* _DATA EXCERPTS_:
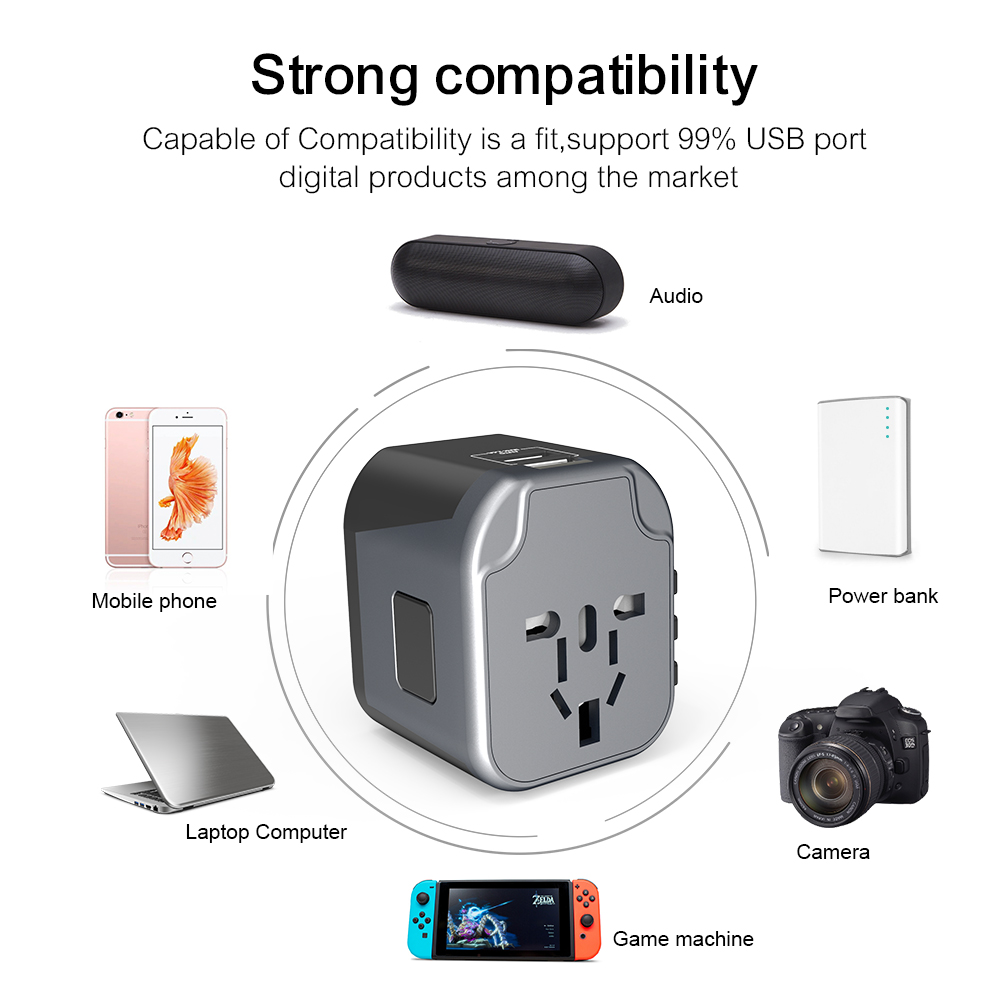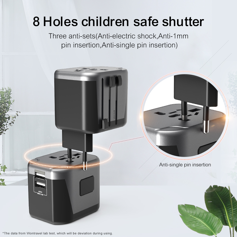 Wontravel Portable Travel Adapter 5v 2400ma 2 Usb Port Output Socket Digital Travel Charger
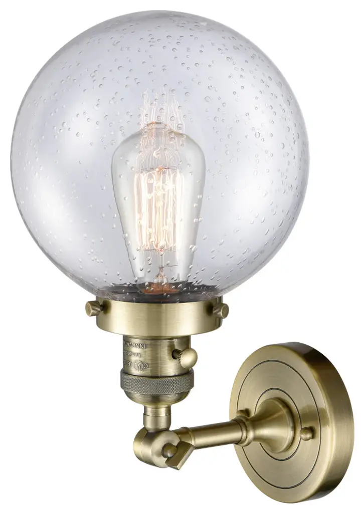 Beacon 1-Light Sconce, Antique Brass, Glass: Seedy
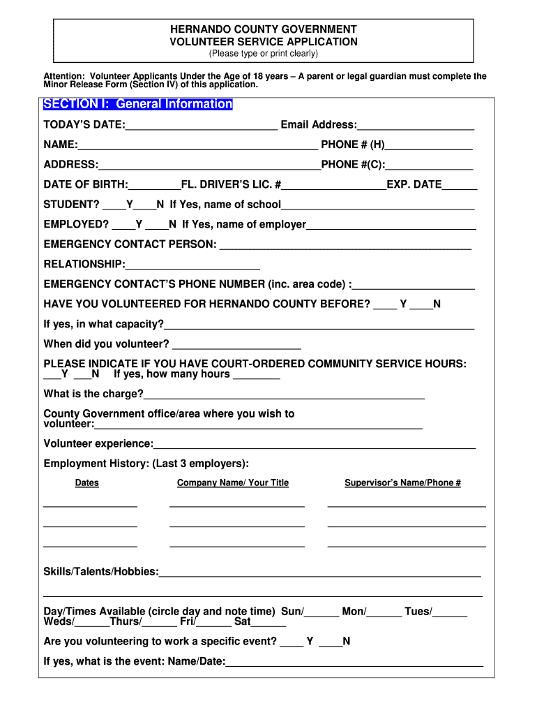HERNANDO COUNTY GOVERNMENT VOLUNTEER SERVICE APPLICATION (Please type or print clearly) Attention: Volunteer Applicants Under the Age of 18 years A parent or legal guardian must complete the Minor
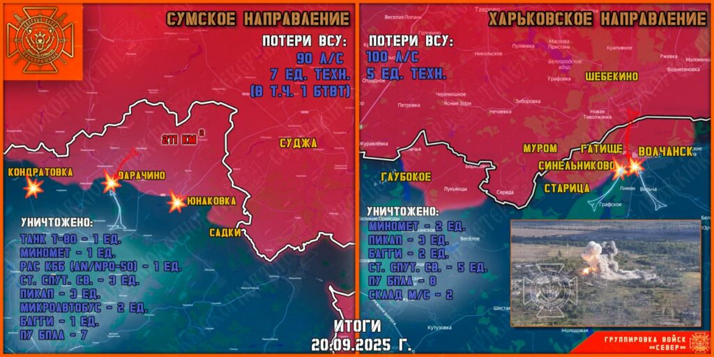 На Сумском направлении противник предпринял ряд контратак, но потерял значительное количество бронетехники. Несмотря на ожесточённые столкновения, линия фронта здесь остаётся без серьёзных изменений.
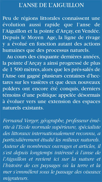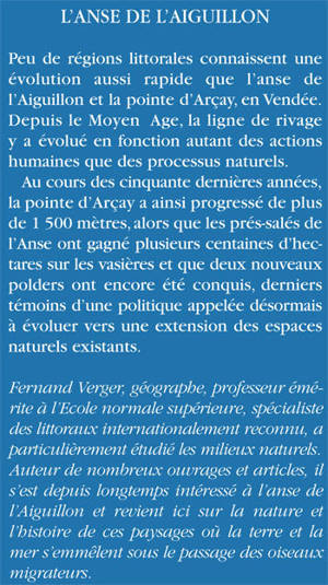 L'ANSE DE L'AIGUILLON Peu de régions littorales connaissent une évolution aussi rapide que l'anse de l'Aiguillon et la pointe d'Arçay, en Vendée. Depuis le Moyen Age, la ligne de rivage y a évolué en fonction autant des actions humaines que des processus naturels. Au cours des cinquante dernières années, la pointe d'Arçay a ainsi progressé de plus de 1 500 mètres, alors que les prés- salés de l'Anse ont gagné plusieurs centaines d'hectares sur les vasières et que deux nouveaux polders ont encore été conquis, derniers témoins d'une politique appelée désormais à évoluer vers une extension des espaces naturels existants. Fernand Verger, géographe, professeur émérite à l'Ecole normale supérieure, spécialiste des littoraux internationalement reconnu, a particulièrement étudié les milieux naturels. Auteur de nombreux ouvrages et articles, il s'est depuis longtemps intéressé à l'anse de l'Aiguillon et revient ici sur la nature et l'histoire de ces paysages où la terre et la mer s'emmêlent sous le passage des oiseaux migrateurs.
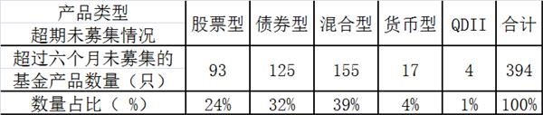 据数据显示,截至3月底,目前超过6个月未募集的基金只数达到394只,其中,股票型、债券型、混合型、货币型、QDII型的基金产品分别为93只、125只、155只、1只、4只,混合型基金和债券型占比分别达到39%、32%。

* _TRY IT_: The lines to copy exactly start with the line above that has "Beacon 1-Light Sconce, Antique" and go on through the line that has "На Сумском направлении"; please include both, add nothing else, and omit the pictures.

* _WRITTEN ANSWER_:
 Beacon 1-Light Sconce, Antique Brass, Glass: Seedy
HERNANDO COUNTY GOVERNMENT VOLUNTEER SERVICE APPLICATION (Please type or print clearly) Attention: Volunteer Applicants Under the Age of 18 years A parent or legal guardian must complete the Minor
 На Сумском направлении противник предпринял ряд контратак, но потерял значительное количество бронетехники. Несмотря на ожесточённые столкновения, линия фронта здесь остаётся без серьёзных изменений.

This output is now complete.